Function pointers points the address of a function in C. That means a function has a memory address and it will be part of any of the memory segments. I just printed address of function and is pointing to code segment. Does all functions written in C have their address in code segment?
#include <stdio.h>
void func()
{
printf("hi!!!\n");
}
int main()
{
void (*fptr)();
fptr = func;
printf("fptr pointing func addr : %p and &fptr : %p\n", fptr, &fptr);
fptr();
while (1) {
sleep(1); /* Sleep for accessing procfs of the process */
}
return 0;
}
Program Output:
[revarath@bgl-vms-vm0251 basic]$ ./a.out &
[1] 20168
[revarath@bgl-vms-vm0251 basic]$ fptr pointing func addr : 0x4005ad and &fptr : 0x7fff301e6b80
hi!!!
c = 10
Finding PID to access procfs:
[revarath@bgl-vms-vm0251 basic]$ ps -ef | grep a.out
revarath 20168 24339 0 04:55 pts/2 00:00:00 ./a.out
revarath 20180 24339 0 04:56 pts/2 00:00:00 grep --color=auto a.out
Memory map output:
[revarath@bgl-vms-vm0251 basic]$ cat /proc/20168/maps
00400000-00401000 r-xp 00000000 00:2c 124964755 /ws/revarath-bgl/backup/tests/basic/a.out
00600000-00601000 r--p 00000000 00:2c 124964755 /ws/revarath-bgl/backup/tests/basic/a.out
00601000-00602000 rw-p 00001000 00:2c 124964755 /ws/revarath-bgl/backup/tests/basic/a.out
.......
7fff301c8000-7fff301e9000 rw-p 00000000 00:00 0 [stack]

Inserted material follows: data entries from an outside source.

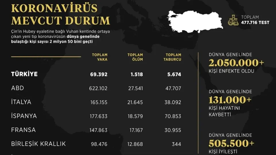 Türkiye'de şu ana kadar toplam 477 bin 716 test yapıldığı, 69 bin 392 koronavirüs vakası tespit edildiği, 1518 vatandaşın hayatını kaybettiği, 5 bin 674 hastanın iyileştiği ifade edildi.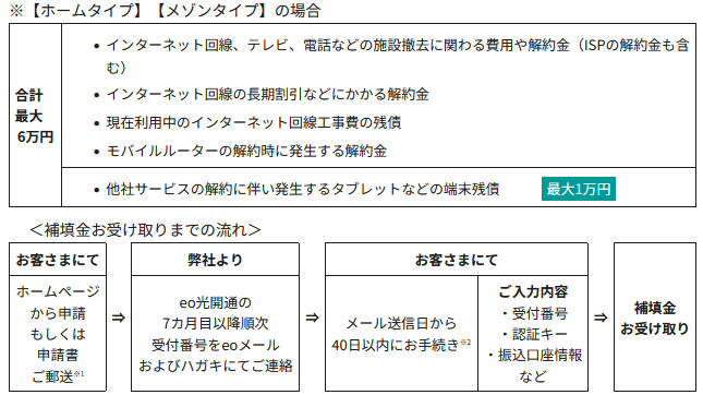 その他注意事項 ・当該eo光ネットにお申し込みの時点で他社サービスを解約されている場合は、他社違約金補填の対象外となります。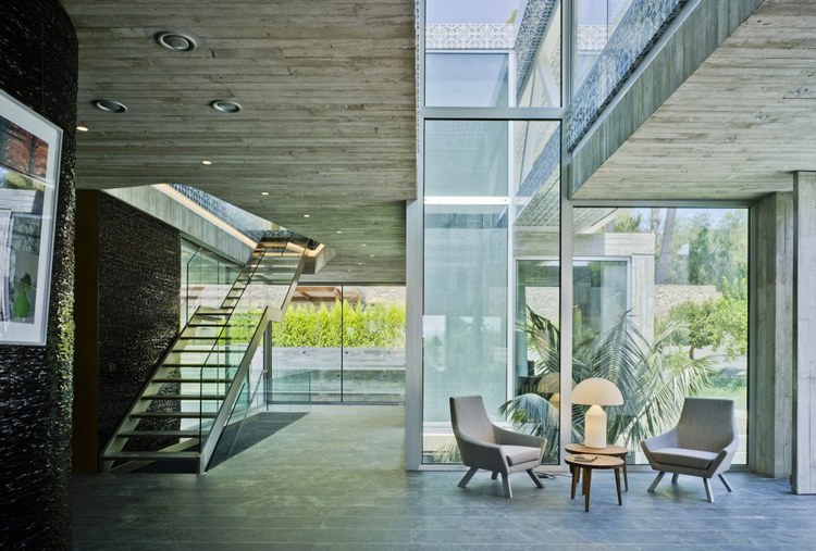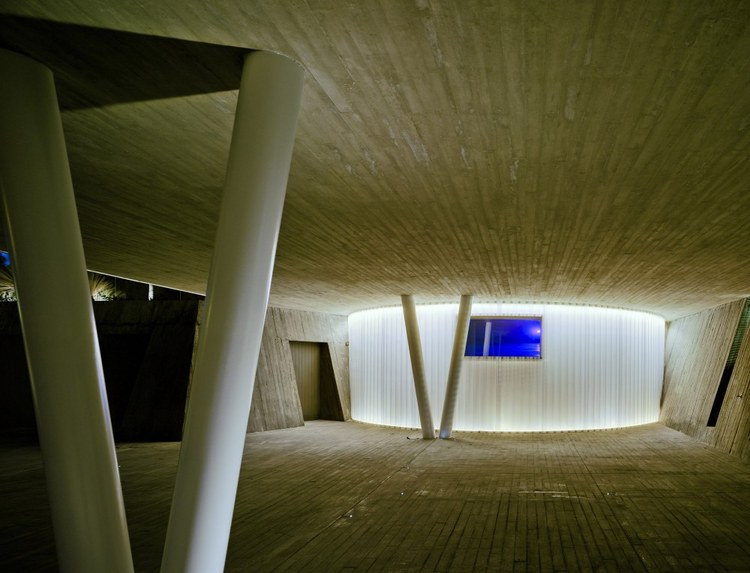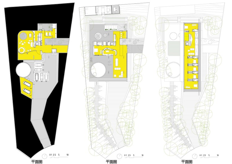 1.舒適性體驗 地下室內(nèi)部映照著一定的自然光可以滿足休閑娛樂所用。趣味從停車庫開始,透過這里的后擋風(fēng)玻璃窗設(shè)計可以看見游泳池;由彩色模壓混凝土鋪筑成的人行道加強了房間與室外區(qū)域的聯(lián)系; 2.居住性體驗 一層包括一個C形區(qū)域并向私人開放向空間敞開。巨大的懸臂頂棚將內(nèi)外區(qū)域連接起來,家人可以在這里聽音樂、看展覽。

My func addr : 0x4005ad lies within the memory region 00400000-00401000
My Cpu info: Multi core Intel
[revarath@bgl-vms-vm0251 basic]$ lscpu
Architecture: x86_64
CPU op-mode(s): 32-bit, 64-bit
Byte Order: Little Endian
CPU(s): 8
Compiler:
gcc
gcc version 4.8.5 20150623 (Red Hat 4.8.5-36)
Is it correct to say memory address of function lies in OR points to code segment?
There are more language-lawyerly answers to be had here (like, don't rely on system implementations in your code and see disclaimer below), but basically, yes, that's how it works.
All of the compiled code from your program, including the function you have illustrated with, is part of the code segment (also confusingly known as the "text" segment) in the resulting binary image. The OS's loader will splat those compiled code bytes into that memory segment within the process, and if you take the address of a static function this way, you'll see its corresponding code sitting somewhere in that segment. Same will be true of main, etc.
The way a compiled program gets into memory and gets executed is a lot less magical than it might seem. Setting aside a modern OS's security mechanisms, etc, it kinda goes like this:
main function (by way of hidden-from-you C runtime stuff). When you get the address of your function, there's no magic there, it's a pointer to the first byte of the compiled instructions for that function.
Professional Software Engineering Disclaimer As comments on this answer and the question indicate, in the real wild world there are umpteen variants on how linkers and loaders work; there are systems that don't really do it this way. Certainly you would never write broadly portable C code that made assumptions about memory segments. But for pedagogical purposes, if you're on one of the big name traditional desktoppy OSs, it *squints* basically works more or less something like you imagine. (If you can find an old copy of Tanenbaum's "Modern Operating Systems", even the old first edition, it will illuminate a lot of seemingly opaque topics of this vein.)